Conan the Barbarian #1
By Andy Frisk
March 20, 2012 - 21:06
Publisher(s): Dark Horse Comics
Writer(s): Brian Wood
Penciller(s): Becky Cloonan
Inker(s): Becky Cloonan
Colourist(s): Dave Stewart
Letterer(s): Richard Starkings and Comicraft
Cover Artist(s): Massimo Carnevale
Northlanders scribe Brian Wood reunites with his “Girl in The Ice” Northlanders’ arc and DEMO artist Becky Cloonan and the two manage to take Conan, the character and franchise, to new heights. Wood and Cloonan inject some much needed life and vitality into what is quickly becoming a stagnated character at Dark Horse Comics. Conan, with his Irish name and northlander mentality and outlook, is a perfect fit for Wood’s talented tale spinning.

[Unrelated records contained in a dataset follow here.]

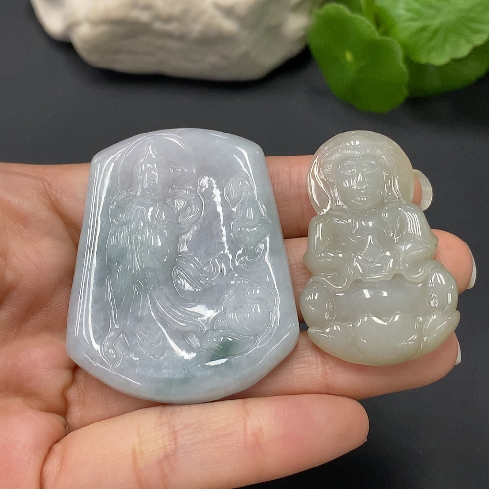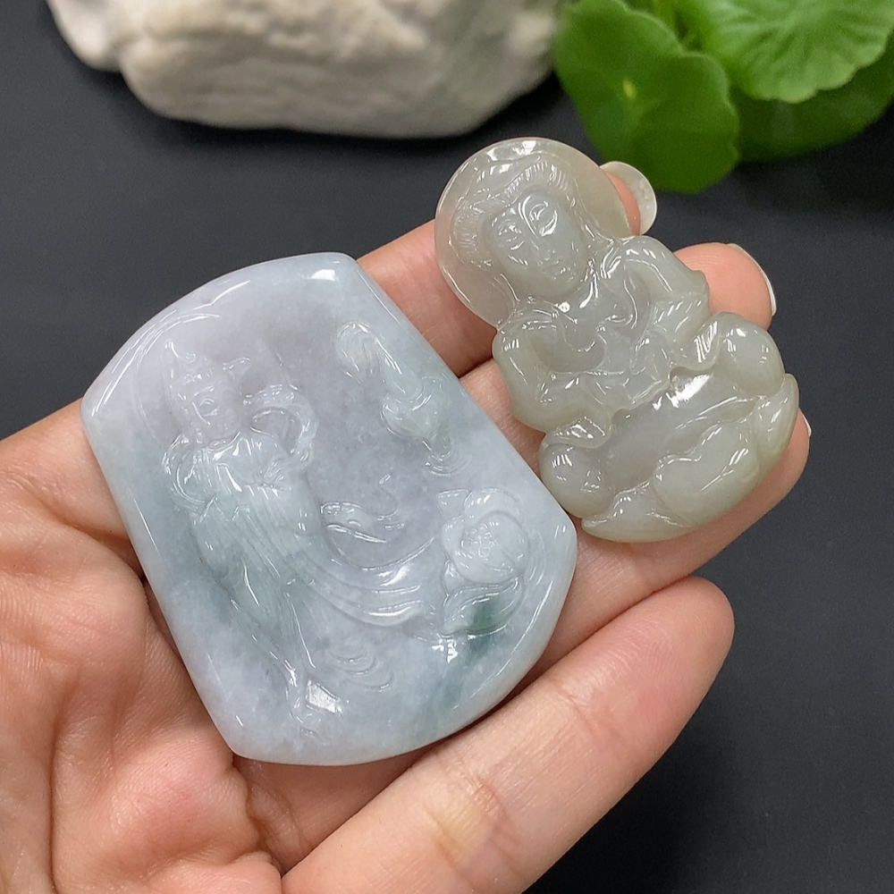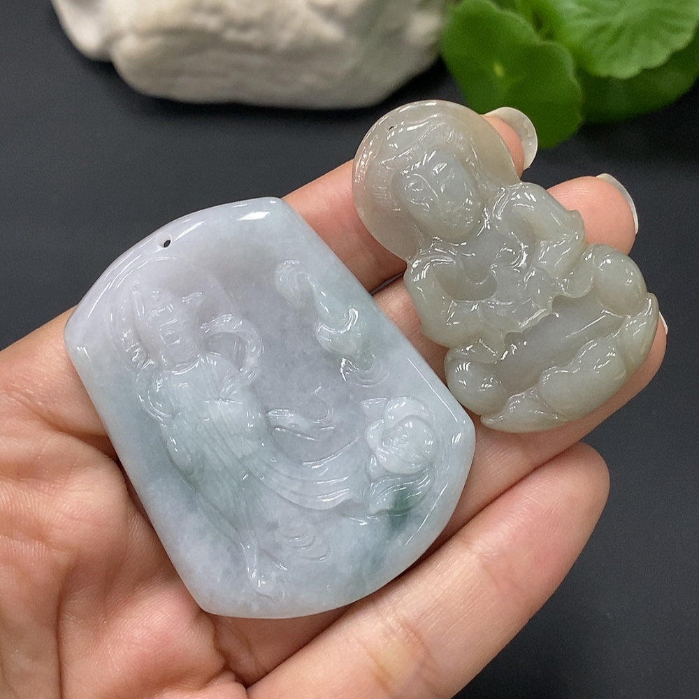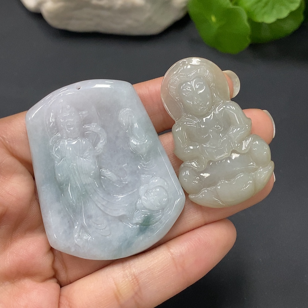 JadeitePendant Guan Yin (Two Pieces in One Lot)
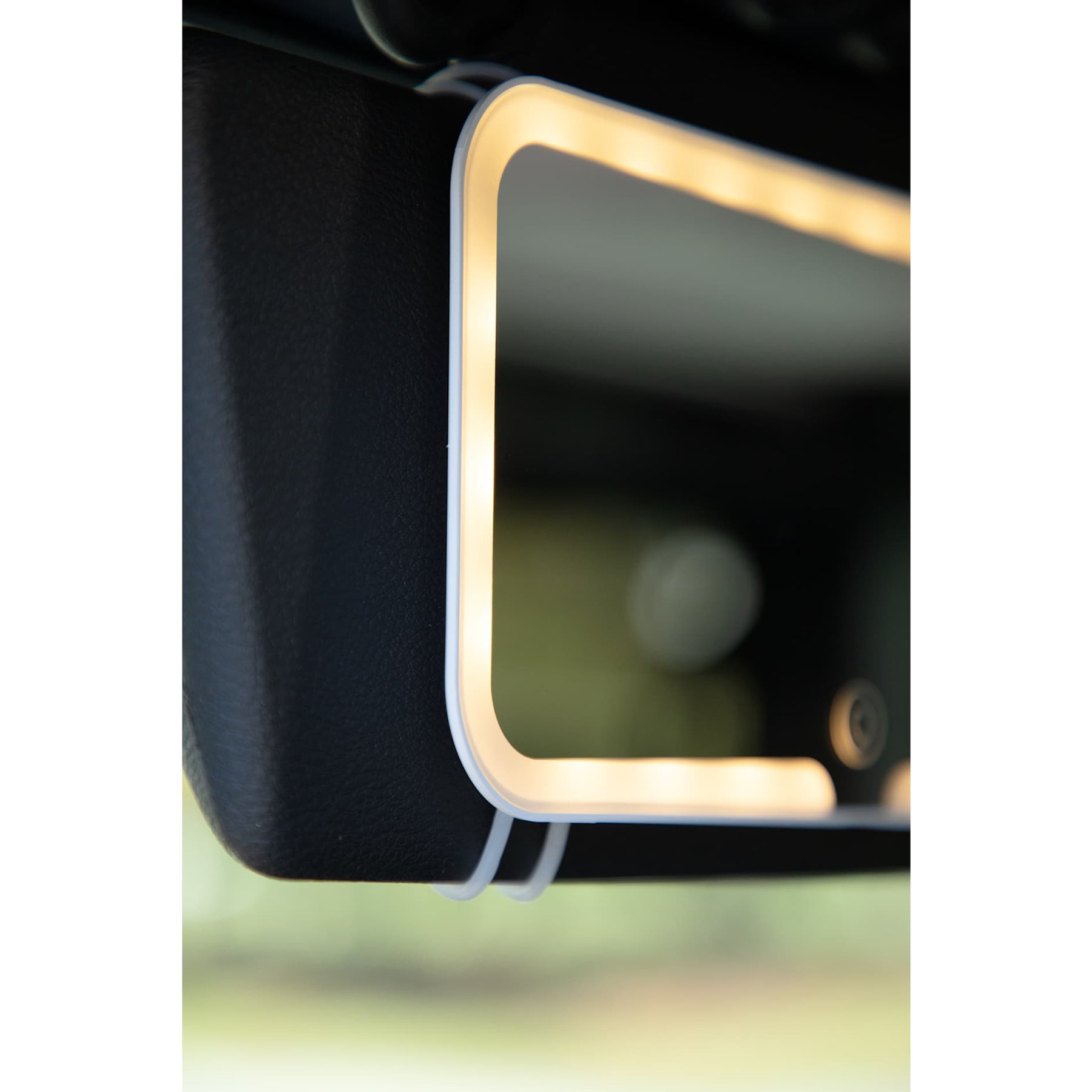 Upgrade your on-the-go routine with the Car Visor Lighted Mirror, designed for quick touch-ups and grooming wherever the road takes you. Measuring 8.7" x 3.9", this sleek, rectangular mirror offers a wide, clear view—perfect for makeup application, hair checks, or quick grooming while traveling. The adjustable silicone straps securely fasten the mirror to most standard visors without slipping or damaging the surface. Built-in LED lighting provides bright, even illumination that works in both daytime and low-light conditions, helping you look your best anytime, anywhere..
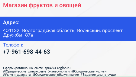 Магазин фруктов и овощей по адресу 404132, Волгоградская область, Волжский, проспект Дружбы, 87а в дальнейшем Организация, размещена в следующих категориях:
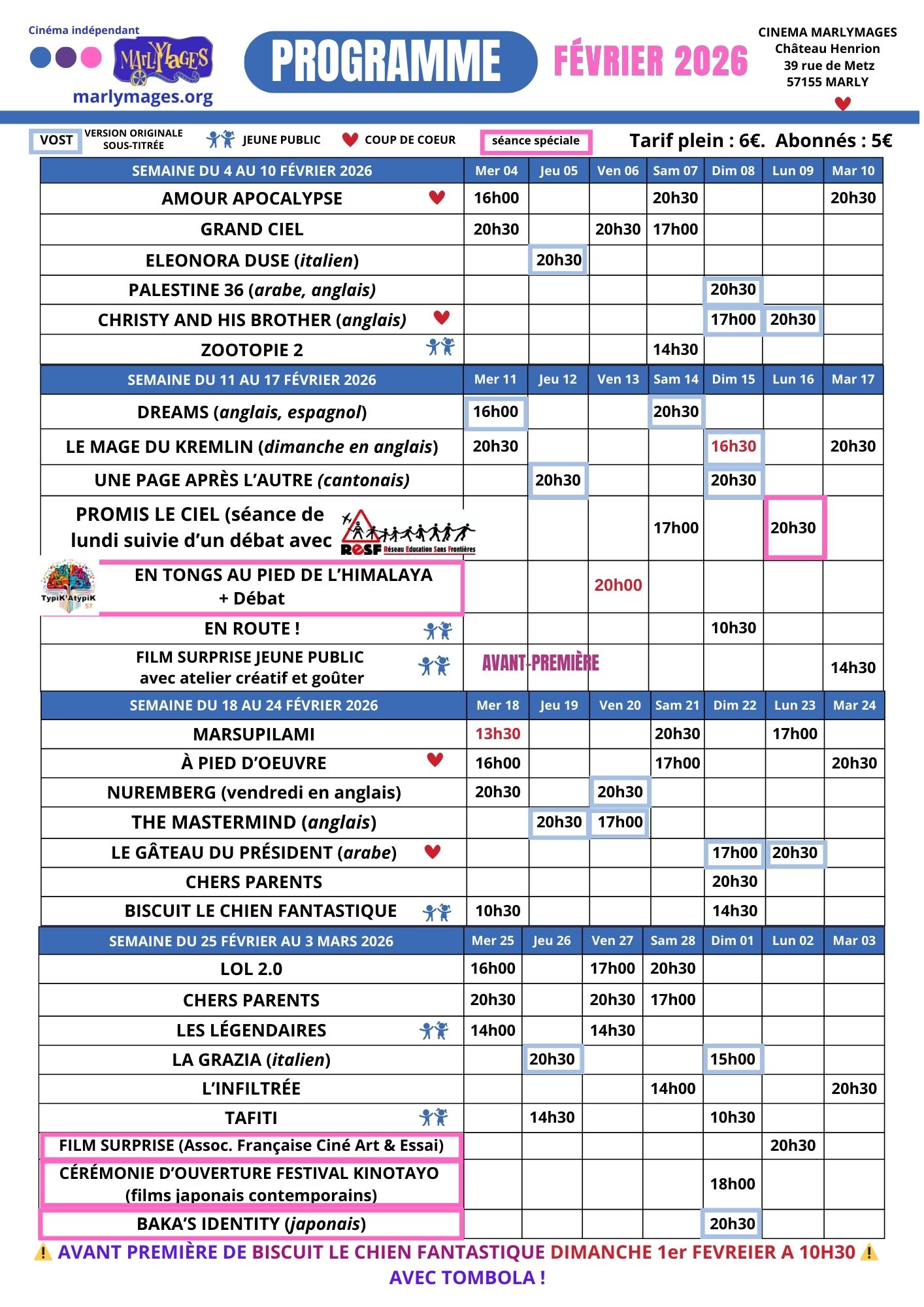 Découvrez tous les évènements de votre cinéma dans la rubrique au dessus...
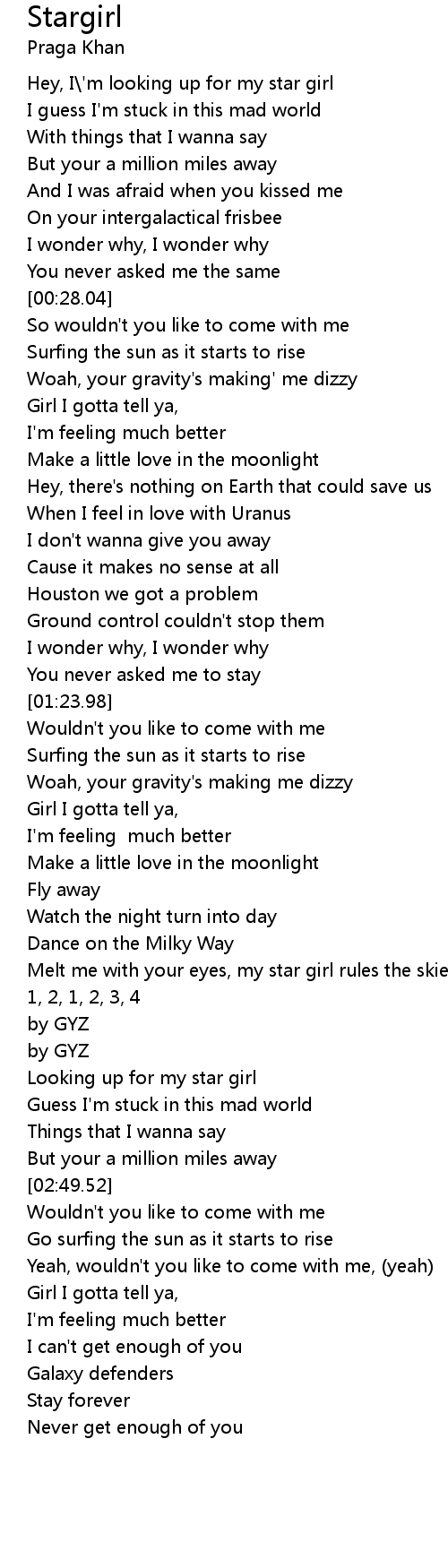 Hey, I\'m looking up for my star girl |
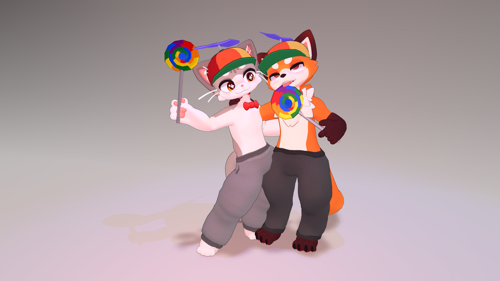 This is a clothing set for the Jinxed Kitty & Fox avatar's, it comes with a t-shirt, sweatpants, mask and cap. With a silly addition giving you a propeller cap, swirly pop and a bowtie!
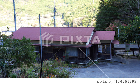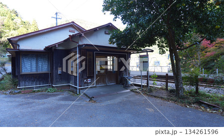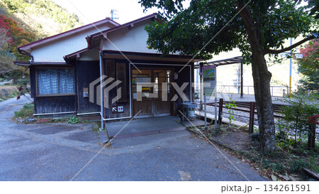 川根本町の秋の接岨峡温泉駅の駅舎とホームの風景(静岡県)
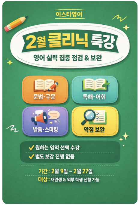 안녕하세요, 이스타영어학원입니다. 2월은 신학기를 앞두고 아이들의 영어 실력을 점검하고, 부족한 부분을 보완하는 중요한 시기입니다. 1월 방학특강을 마무리하고 2월에는 ‘클리닉 특강’과 신학기 준비 프로그램을 집중 운영합니다. 또한 신학기 초등영어수업 시 또한 수행평가 말하기 대비 발음을 점검하는 클리닉 실시합니다. 2월 클리닉 특강은 새로운 진도를 나가기보다, 지금까지 배운 내용을 정확히 점검하고 보완하는 수업입니다. **“어디가 부족한지 정확히 알고 새 학기를 시작하는 것”**이 목표입니다 특강은 아래와 같이 가능합니다. 영역별 선택 수강 가능 | 재원생 / 외부 학생 신청 가능 | 날짜별·횟수별 신청 가능 *신청은....... <img src="https://blogthumb.pstatic.net/MjAyNjAyMDJfMTU4/MDAxNzY5OTYyNzU5Njc2.r4Y2VQl3KwFzrXHjY2jx9Bf_D0am_uyEYNFvK-XXuDEg.U7Aks3eiiErlBl-eA30Fh_S9pSJdVBggOUHOWy4yx1Mg.PNG/KakaoTalk_20260202_011821633.png?type=s3" />

Cloonan is no stranger to penciling and inking Wood’s violent, yet highly intelligent and well-crafted, tales of swords, seafaring, and adventure, and her version of Conan is at once recognizable and totally new. Wood and Cloonan’s Conan is younger, more brash, and not nearly as muscular as his later incarnation is often portrayed. This Conan, while much more well written, reminds me of the portrayal Conan received in his most recent big screen appearance. Do not let my allusion to that pretty awful (but in a good way) film deter you from checking out this great new interpretation of Conan the Barbarian though. The age and brashness of the hero are all they have in common, even if Cloonan’s art and Wood’s portrayal of Conan’s mannerisms remind one of the recent film portrayal.
For his first arc on Conan the Barbarian Wood interprets Robert E. Howard’s original Queen of the Black Coast story. One doesn’t have to have read this tale to enjoy what Wood is doing here with Howard’s original material. Conan, running from a precarious situation, literally jumps on board with a group merchants who’ve managed to avoid the clutches of Belit, the tempestuous pirate queen who plagues merchants along the Black Coast. Conan is at once enthralled by the stories of her and envisions her as “not unlike the winged warrior goddesses of the north, the terrible bringers of pain and pleasure that he, as a youth, dreamed about.” When he finally gets the chance to meet her though, will her wiles tame his ways or open them up to acts unspeakable, even to a barbarian?
We really can’t tell from the events of issue #1, but the way that Wood sets up the story and Cloonan, using all of the brilliant sequential art that she brought to full bear on “Girl in The Ice,” we are completely hooked on what will develop between the two over the course of the next several issues. This type of story is where Wood excels. He weaves tight self-contained stories that play out at a masterful pace and build and release tension as well as the most provocative and gripping narratives of literature, and way better than most monthly comic books do. I’m going to really miss Northlanders, as it was a brilliant historical saga that was packed with brilliant commentary and stories, but hopefully Wood will resurrect some of that Northlanders magic here in the pages of Conan the Barbarian. Even if he once again has to delve into a totally fictional time period and locale in order to do so.
Not a replacement for Northlanders, but a worthy read simply because of Wood and Cloonan’s highly literate work, Conan the Barbarian looks like a monthly pull list keeper.